### Exercise requirements
Restate every line of the material below word for word, skipping the images.

### Material provided

● ● ● ● ● ● ●

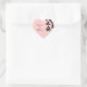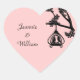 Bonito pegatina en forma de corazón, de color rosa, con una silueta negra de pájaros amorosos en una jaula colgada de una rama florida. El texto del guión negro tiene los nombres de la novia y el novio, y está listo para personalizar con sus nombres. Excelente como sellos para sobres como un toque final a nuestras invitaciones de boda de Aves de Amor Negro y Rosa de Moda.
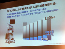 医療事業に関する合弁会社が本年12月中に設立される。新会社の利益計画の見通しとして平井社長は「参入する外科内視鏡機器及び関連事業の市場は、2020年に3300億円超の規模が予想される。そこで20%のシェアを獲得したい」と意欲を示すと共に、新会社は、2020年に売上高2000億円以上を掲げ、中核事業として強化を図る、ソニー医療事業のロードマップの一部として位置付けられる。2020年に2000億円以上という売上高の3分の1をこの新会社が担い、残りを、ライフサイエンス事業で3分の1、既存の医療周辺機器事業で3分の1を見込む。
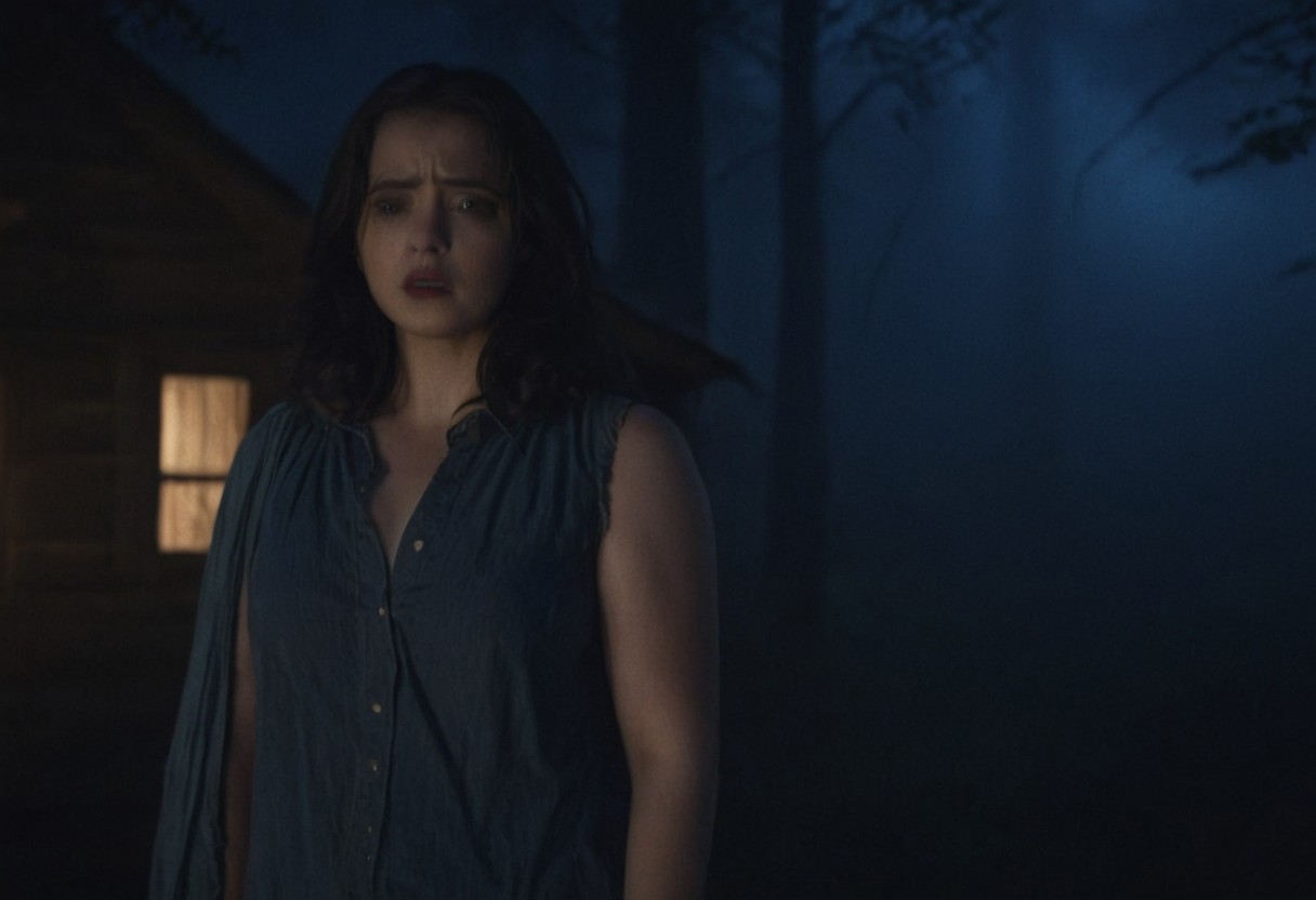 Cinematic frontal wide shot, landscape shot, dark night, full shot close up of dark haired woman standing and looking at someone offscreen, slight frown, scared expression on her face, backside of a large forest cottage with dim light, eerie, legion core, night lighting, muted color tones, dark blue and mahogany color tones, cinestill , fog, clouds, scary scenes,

● ● ● ● ● ● ●

### Written response
 Bonito pegatina en forma de corazón, de color rosa, con una silueta negra de pájaros amorosos en una jaula colgada de una rama florida. El texto del guión negro tiene los nombres de la novia y el novio, y está listo para personalizar con sus nombres. Excelente como sellos para sobres como un toque final a nuestras invitaciones de boda de Aves de Amor Negro y Rosa de Moda.
 医療事業に関する合弁会社が本年12月中に設立される。新会社の利益計画の見通しとして平井社長は「参入する外科内視鏡機器及び関連事業の市場は、2020年に3300億円超の規模が予想される。そこで20%のシェアを獲得したい」と意欲を示すと共に、新会社は、2020年に売上高2000億円以上を掲げ、中核事業として強化を図る、ソニー医療事業のロードマップの一部として位置付けられる。2020年に2000億円以上という売上高の3分の1をこの新会社が担い、残りを、ライフサイエンス事業で3分の1、既存の医療周辺機器事業で3分の1を見込む。
 Cinematic frontal wide shot, landscape shot, dark night, full shot close up of dark haired woman standing and looking at someone offscreen, slight frown, scared expression on her face, backside of a large forest cottage with dim light, eerie, legion core, night lighting, muted color tones, dark blue and mahogany color tones, cinestill , fog, clouds, scary scenes,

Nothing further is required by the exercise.